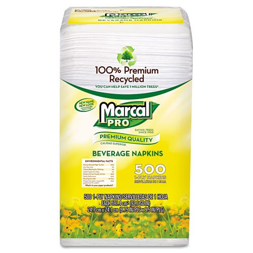 -. Title : Marcal PRO Premium Recycled Beverage Napkins, 1-Ply, 9.75 x 9.5, White, 500/Pack - 4,000 napkins per case.
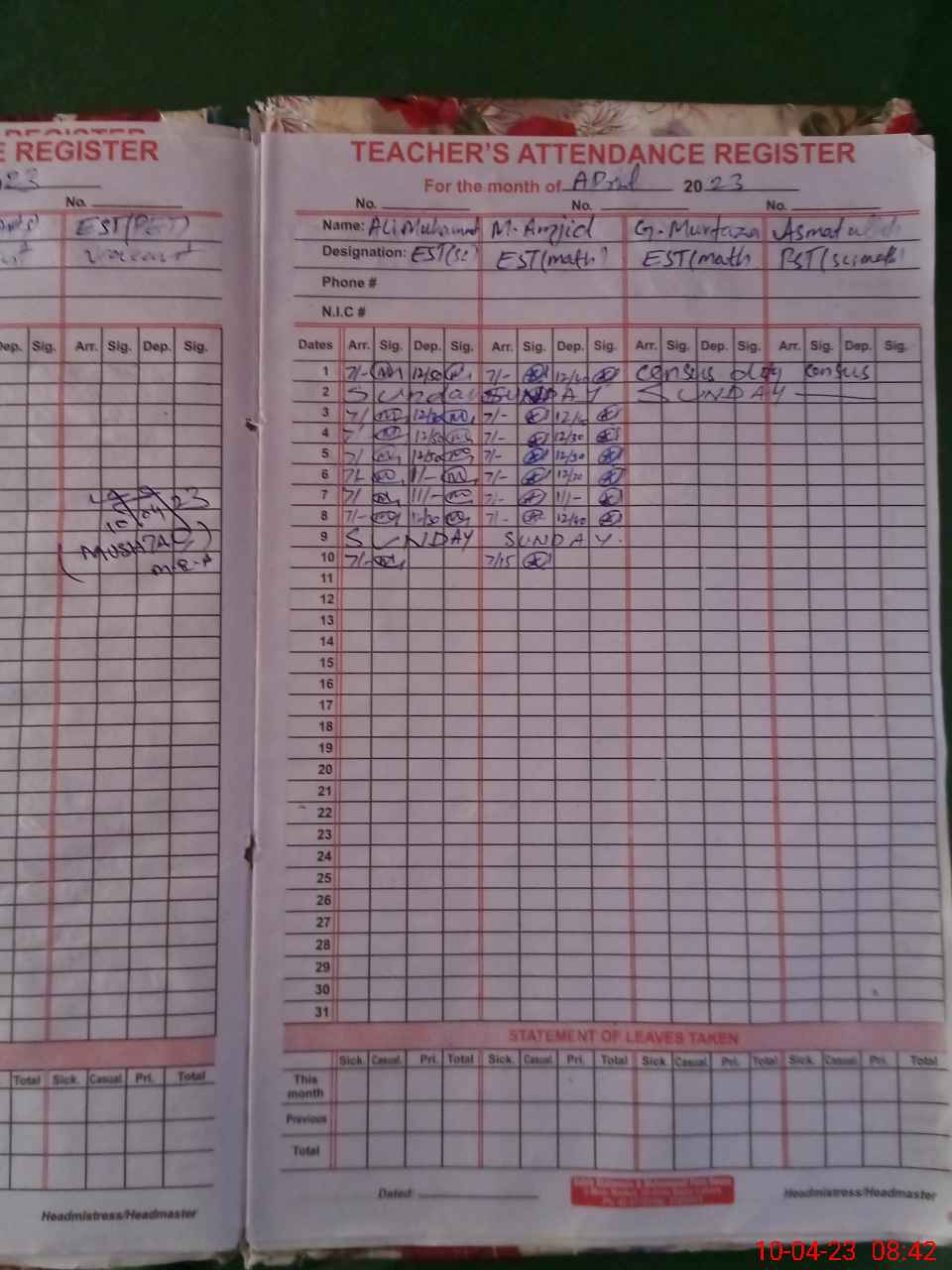 | CNIC | Full Name | Designation | R/C | Absence During Last Calender Month |
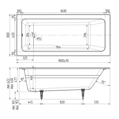 ВАННА ЧУГУННАЯ Wotte Line Plus 1800х800х477
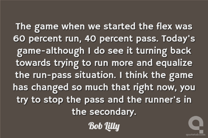 The game when we started the flex was 60 percent run, 40 percent pass. Today's game-although I do see it turning back towards trying to run more and equalize the run-pass situation. I think the game has changed so much that right now, you try to stop the pass and the runner's in the secondary.
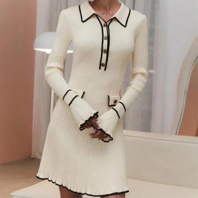 Our Elegant Ruffled Knit Mini Dress stands out for its unique design and practical features. The ruffled fashion knit, combined with a ribbed contrast, adds texture and depth to the dress, making it a statement piece. The high waistline design elongates your figure, while the natural factors waistline ensures a comfortable fit. Additionally, the dress's high stretch fabric accommodates various body types, offering a flattering and comfortable fit.Perfect for Any Occasion
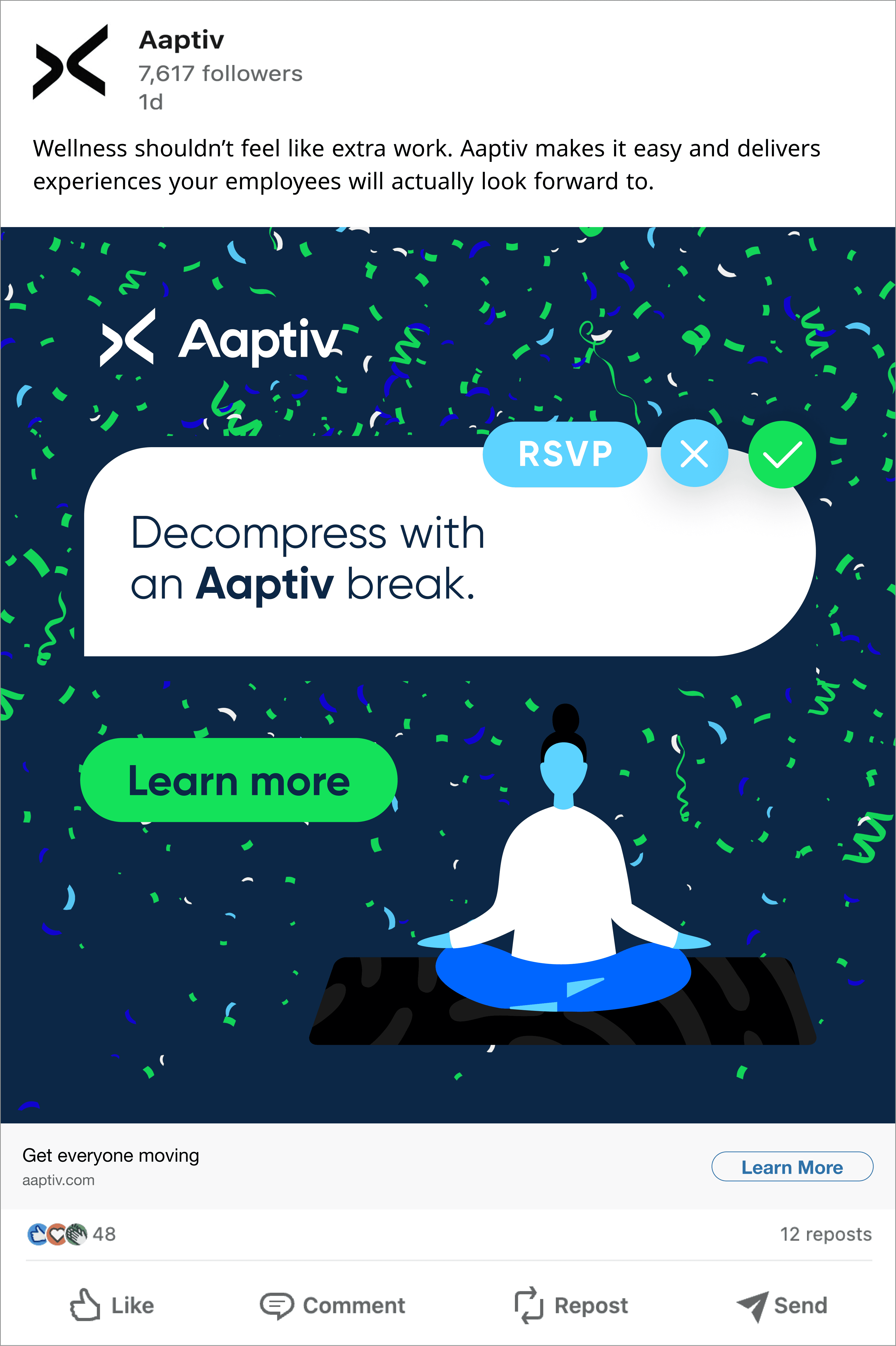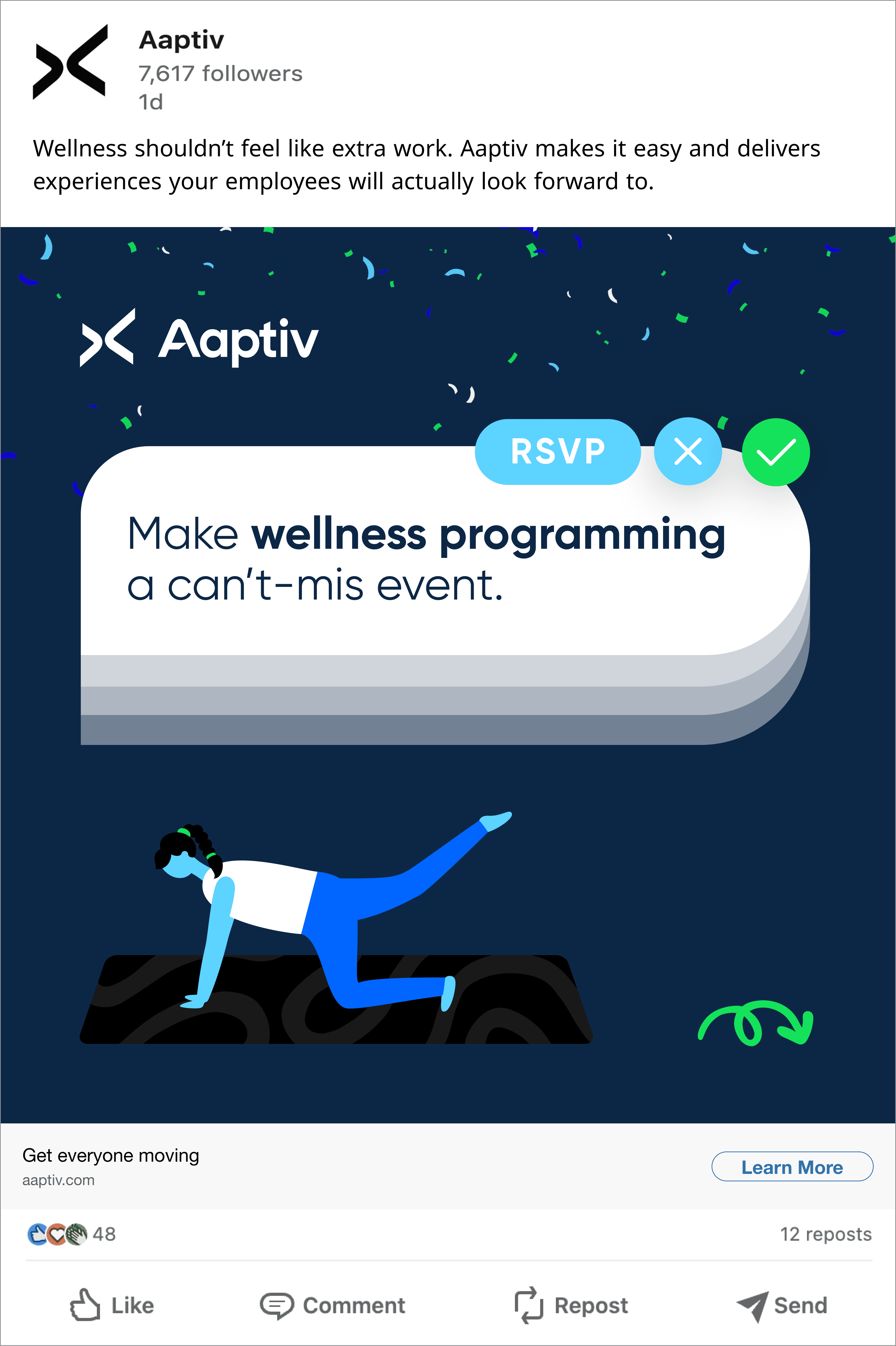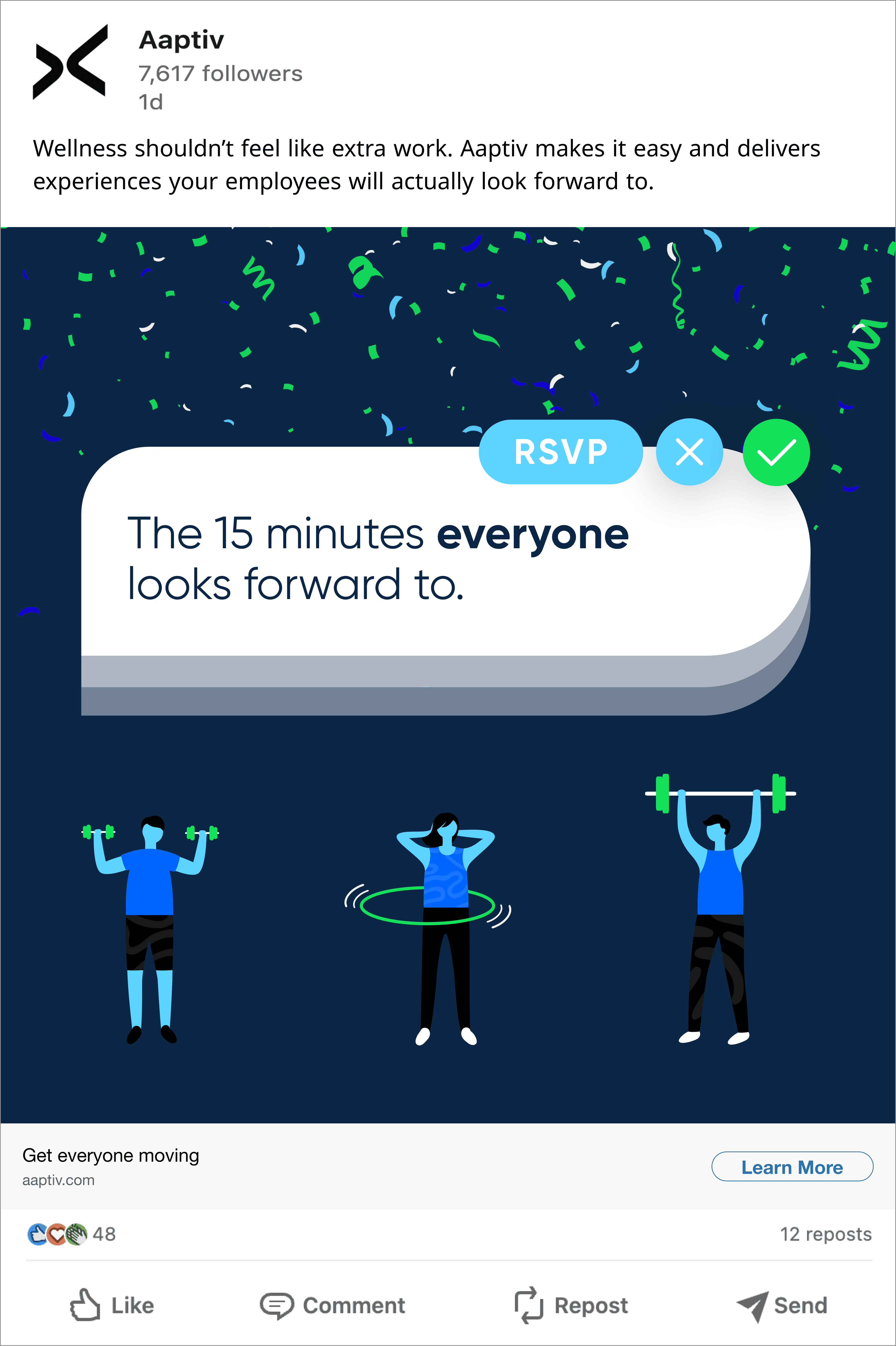 The concepts were created to be targeted toward HR professionals, positioning Aaptiv as a wellness benefit that companies could

Description of the task: Without the pictures, retype the whole of the material above exactly.

Problem solution:
 -. Title : Marcal PRO Premium Recycled Beverage Napkins, 1-Ply, 9.75 x 9.5, White, 500/Pack - 4,000 napkins per case.
 | CNIC | Full Name | Designation | R/C | Absence During Last Calender Month |
 ВАННА ЧУГУННАЯ Wotte Line Plus 1800х800х477
 The game when we started the flex was 60 percent run, 40 percent pass. Today's game-although I do see it turning back towards trying to run more and equalize the run-pass situation. I think the game has changed so much that right now, you try to stop the pass and the runner's in the secondary.
 Our Elegant Ruffled Knit Mini Dress stands out for its unique design and practical features. The ruffled fashion knit, combined with a ribbed contrast, adds texture and depth to the dress, making it a statement piece. The high waistline design elongates your figure, while the natural factors waistline ensures a comfortable fit. Additionally, the dress's high stretch fabric accommodates various body types, offering a flattering and comfortable fit.Perfect for Any Occasion
 The concepts were created to be targeted toward HR professionals, positioning Aaptiv as a wellness benefit that companies could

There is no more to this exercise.